**DATASET ENTRIES:**
^^^^^^^^^^^^^^^^

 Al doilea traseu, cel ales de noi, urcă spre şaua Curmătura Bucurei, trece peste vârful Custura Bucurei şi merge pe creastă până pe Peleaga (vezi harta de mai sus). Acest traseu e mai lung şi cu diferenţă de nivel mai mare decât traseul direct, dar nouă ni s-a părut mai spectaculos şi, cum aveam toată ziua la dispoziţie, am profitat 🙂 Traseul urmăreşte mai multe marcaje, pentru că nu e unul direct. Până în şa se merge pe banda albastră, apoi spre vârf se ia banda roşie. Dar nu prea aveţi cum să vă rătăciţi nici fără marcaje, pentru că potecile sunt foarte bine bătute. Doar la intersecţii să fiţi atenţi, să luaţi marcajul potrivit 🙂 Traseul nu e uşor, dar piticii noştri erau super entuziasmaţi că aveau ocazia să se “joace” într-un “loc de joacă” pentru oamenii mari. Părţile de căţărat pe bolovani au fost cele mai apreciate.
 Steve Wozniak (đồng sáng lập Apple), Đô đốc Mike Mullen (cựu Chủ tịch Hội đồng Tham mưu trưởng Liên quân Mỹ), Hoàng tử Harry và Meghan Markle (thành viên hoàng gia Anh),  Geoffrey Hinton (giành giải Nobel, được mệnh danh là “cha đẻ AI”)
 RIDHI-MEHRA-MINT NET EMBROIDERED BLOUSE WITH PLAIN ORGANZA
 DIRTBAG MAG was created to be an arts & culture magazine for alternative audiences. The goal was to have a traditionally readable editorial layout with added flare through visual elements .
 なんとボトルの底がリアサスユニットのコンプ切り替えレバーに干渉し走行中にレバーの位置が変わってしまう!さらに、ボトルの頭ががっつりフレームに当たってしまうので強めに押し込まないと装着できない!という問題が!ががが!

^^^^^^^^^^^^^^^^

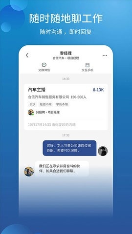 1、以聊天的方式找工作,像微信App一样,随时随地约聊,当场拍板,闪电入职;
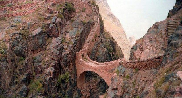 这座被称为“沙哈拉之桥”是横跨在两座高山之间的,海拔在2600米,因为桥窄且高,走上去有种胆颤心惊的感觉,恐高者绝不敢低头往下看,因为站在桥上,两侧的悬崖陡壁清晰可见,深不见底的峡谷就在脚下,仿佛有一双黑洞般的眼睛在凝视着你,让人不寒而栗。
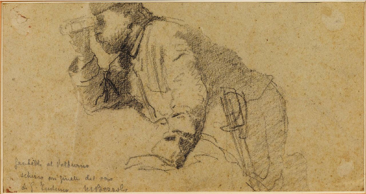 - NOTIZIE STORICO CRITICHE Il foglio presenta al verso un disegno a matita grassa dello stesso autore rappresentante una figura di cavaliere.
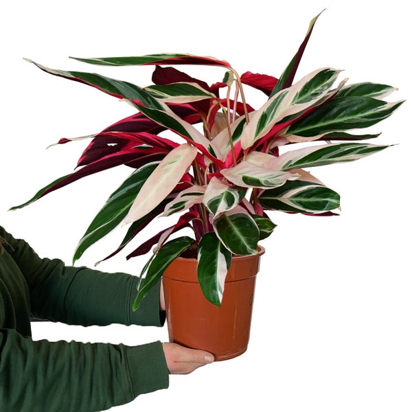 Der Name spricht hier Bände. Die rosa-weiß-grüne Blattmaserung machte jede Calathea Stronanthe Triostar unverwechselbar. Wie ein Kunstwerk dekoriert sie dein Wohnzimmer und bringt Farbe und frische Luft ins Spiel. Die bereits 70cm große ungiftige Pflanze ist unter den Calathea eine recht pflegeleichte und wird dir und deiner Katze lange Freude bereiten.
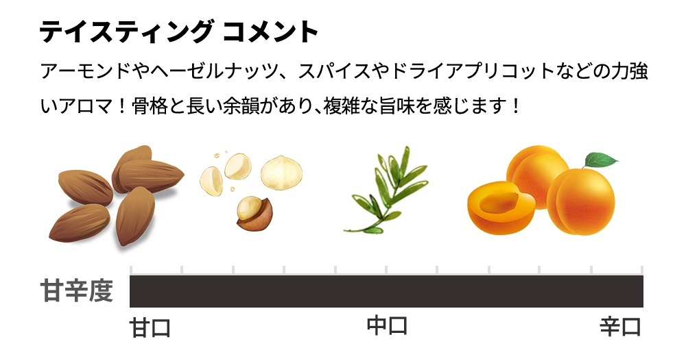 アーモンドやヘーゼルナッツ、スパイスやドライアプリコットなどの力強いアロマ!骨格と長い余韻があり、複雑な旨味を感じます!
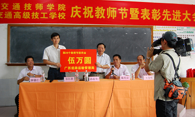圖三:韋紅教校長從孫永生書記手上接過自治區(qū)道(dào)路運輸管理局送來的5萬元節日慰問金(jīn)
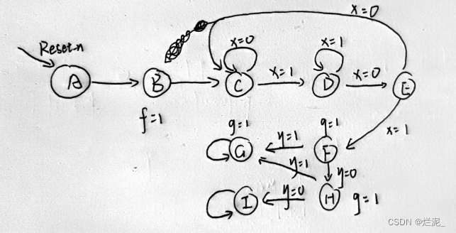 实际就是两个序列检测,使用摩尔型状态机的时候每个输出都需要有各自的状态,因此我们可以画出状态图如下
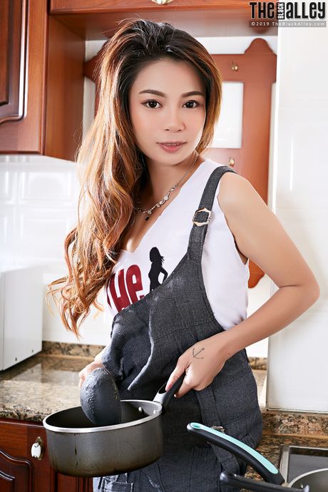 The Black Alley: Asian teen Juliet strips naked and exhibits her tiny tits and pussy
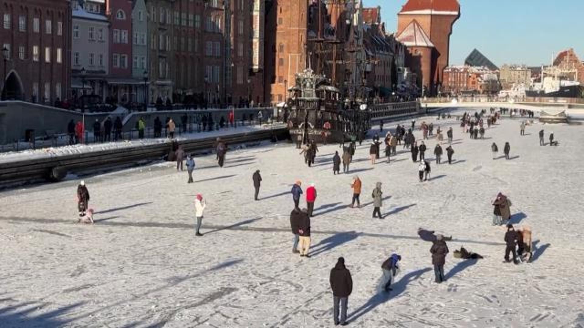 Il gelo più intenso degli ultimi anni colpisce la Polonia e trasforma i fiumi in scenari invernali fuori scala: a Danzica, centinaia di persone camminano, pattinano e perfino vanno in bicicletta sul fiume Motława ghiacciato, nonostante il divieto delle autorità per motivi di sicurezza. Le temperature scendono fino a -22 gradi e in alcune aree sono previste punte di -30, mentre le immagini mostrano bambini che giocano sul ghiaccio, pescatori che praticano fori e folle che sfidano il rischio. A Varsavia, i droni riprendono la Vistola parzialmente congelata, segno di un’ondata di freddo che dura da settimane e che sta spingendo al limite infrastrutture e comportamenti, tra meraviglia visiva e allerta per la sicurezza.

^^^^^^^^^^^^^^^^

**ABOUT THIS TASK:** Print, from the entries above, the line with "RIDHI-MEHRA-MINT NET EMBROIDERED", the line with "なんとボトルの底がリアサスユ" and all lines between them, exactly and with nothing else.

**RESULT:**
 RIDHI-MEHRA-MINT NET EMBROIDERED BLOUSE WITH PLAIN ORGANZA
 DIRTBAG MAG was created to be an arts & culture magazine for alternative audiences. The goal was to have a traditionally readable editorial layout with added flare through visual elements .
 なんとボトルの底がリアサスユニットのコンプ切り替えレバーに干渉し走行中にレバーの位置が変わってしまう!さらに、ボトルの頭ががっつりフレームに当たってしまうので強めに押し込まないと装着できない!という問題が!ががが!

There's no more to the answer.